## Data for review
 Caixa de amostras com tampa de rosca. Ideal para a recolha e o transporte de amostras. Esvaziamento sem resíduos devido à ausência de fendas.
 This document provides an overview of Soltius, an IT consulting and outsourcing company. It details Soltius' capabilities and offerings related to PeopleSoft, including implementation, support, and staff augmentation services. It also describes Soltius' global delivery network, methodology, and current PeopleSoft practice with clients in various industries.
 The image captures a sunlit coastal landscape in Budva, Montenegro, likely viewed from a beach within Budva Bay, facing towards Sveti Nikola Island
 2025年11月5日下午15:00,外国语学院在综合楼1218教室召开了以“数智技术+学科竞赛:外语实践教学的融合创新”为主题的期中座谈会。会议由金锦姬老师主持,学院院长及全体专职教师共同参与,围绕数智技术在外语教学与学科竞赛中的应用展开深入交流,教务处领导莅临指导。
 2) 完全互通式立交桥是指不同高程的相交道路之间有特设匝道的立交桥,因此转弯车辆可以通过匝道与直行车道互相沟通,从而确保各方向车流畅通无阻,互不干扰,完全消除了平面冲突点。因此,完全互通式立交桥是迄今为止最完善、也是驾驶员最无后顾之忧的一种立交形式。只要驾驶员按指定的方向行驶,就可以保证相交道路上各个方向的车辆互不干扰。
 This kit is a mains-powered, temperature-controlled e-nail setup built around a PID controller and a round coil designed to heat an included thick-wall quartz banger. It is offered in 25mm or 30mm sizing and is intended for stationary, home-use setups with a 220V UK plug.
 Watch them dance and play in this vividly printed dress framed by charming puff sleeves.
--
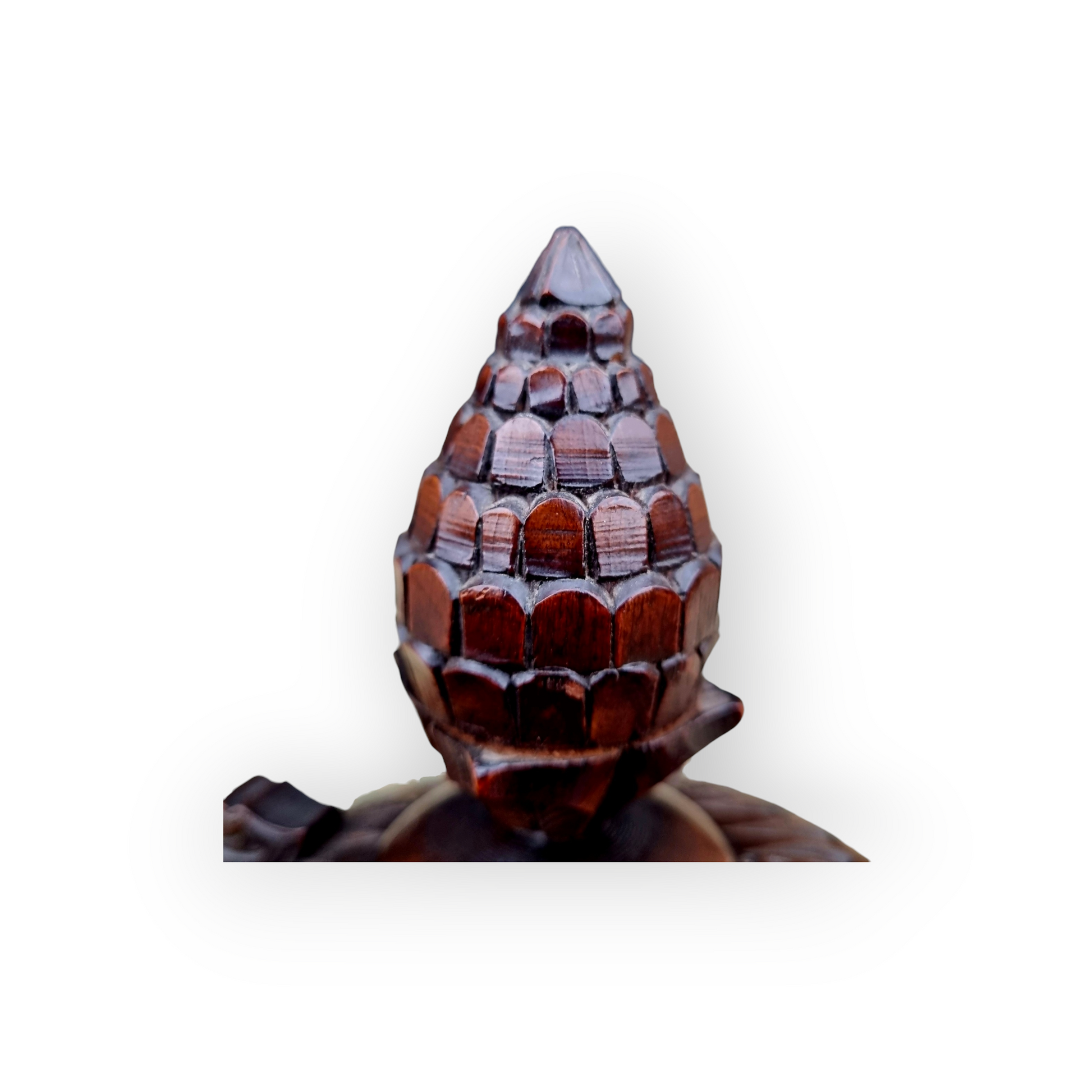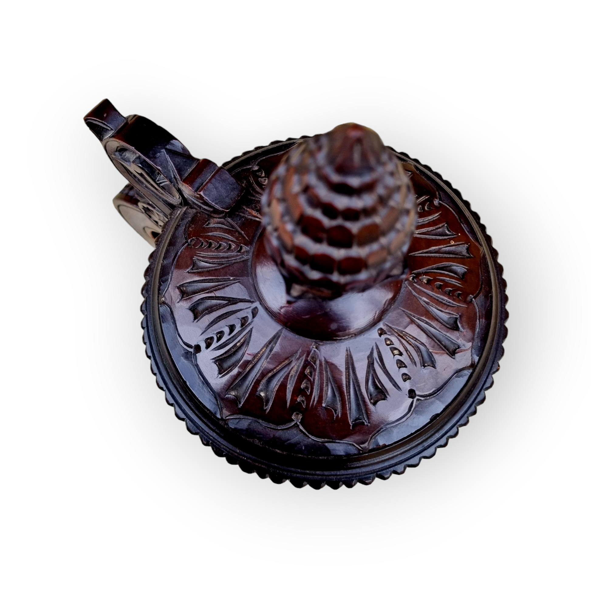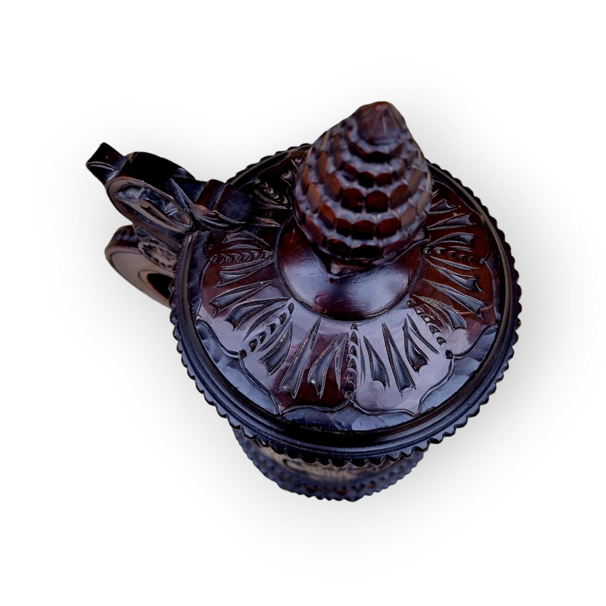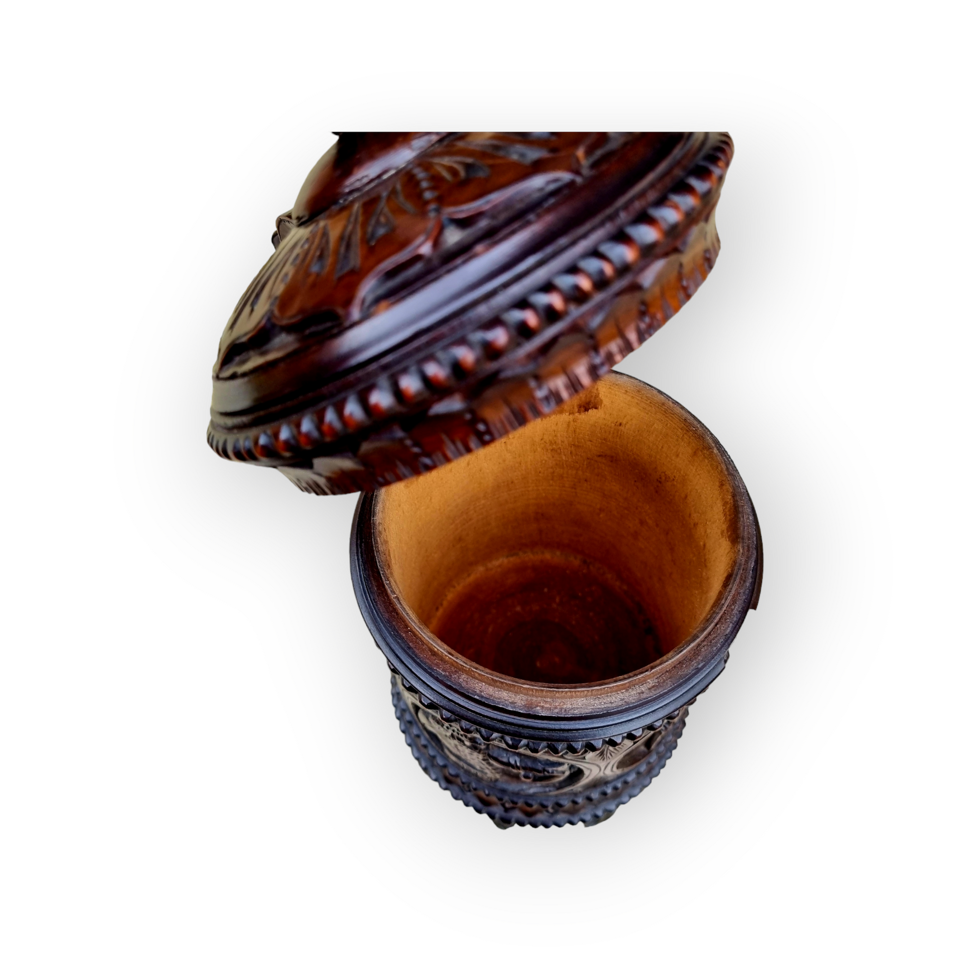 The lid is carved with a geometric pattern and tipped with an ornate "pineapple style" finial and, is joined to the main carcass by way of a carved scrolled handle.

## Exercise requirements
Working from the data above, extract solely the lines from the one containing "Caixa de amostras" through the one containing "2) 完全互通式立交桥是指不", exactly as they appear, both included.

## Result below
 Caixa de amostras com tampa de rosca. Ideal para a recolha e o transporte de amostras. Esvaziamento sem resíduos devido à ausência de fendas.
 This document provides an overview of Soltius, an IT consulting and outsourcing company. It details Soltius' capabilities and offerings related to PeopleSoft, including implementation, support, and staff augmentation services. It also describes Soltius' global delivery network, methodology, and current PeopleSoft practice with clients in various industries.
 The image captures a sunlit coastal landscape in Budva, Montenegro, likely viewed from a beach within Budva Bay, facing towards Sveti Nikola Island
 2025年11月5日下午15:00,外国语学院在综合楼1218教室召开了以“数智技术+学科竞赛:外语实践教学的融合创新”为主题的期中座谈会。会议由金锦姬老师主持,学院院长及全体专职教师共同参与,围绕数智技术在外语教学与学科竞赛中的应用展开深入交流,教务处领导莅临指导。
 2) 完全互通式立交桥是指不同高程的相交道路之间有特设匝道的立交桥,因此转弯车辆可以通过匝道与直行车道互相沟通,从而确保各方向车流畅通无阻,互不干扰,完全消除了平面冲突点。因此,完全互通式立交桥是迄今为止最完善、也是驾驶员最无后顾之忧的一种立交形式。只要驾驶员按指定的方向行驶,就可以保证相交道路上各个方向的车辆互不干扰。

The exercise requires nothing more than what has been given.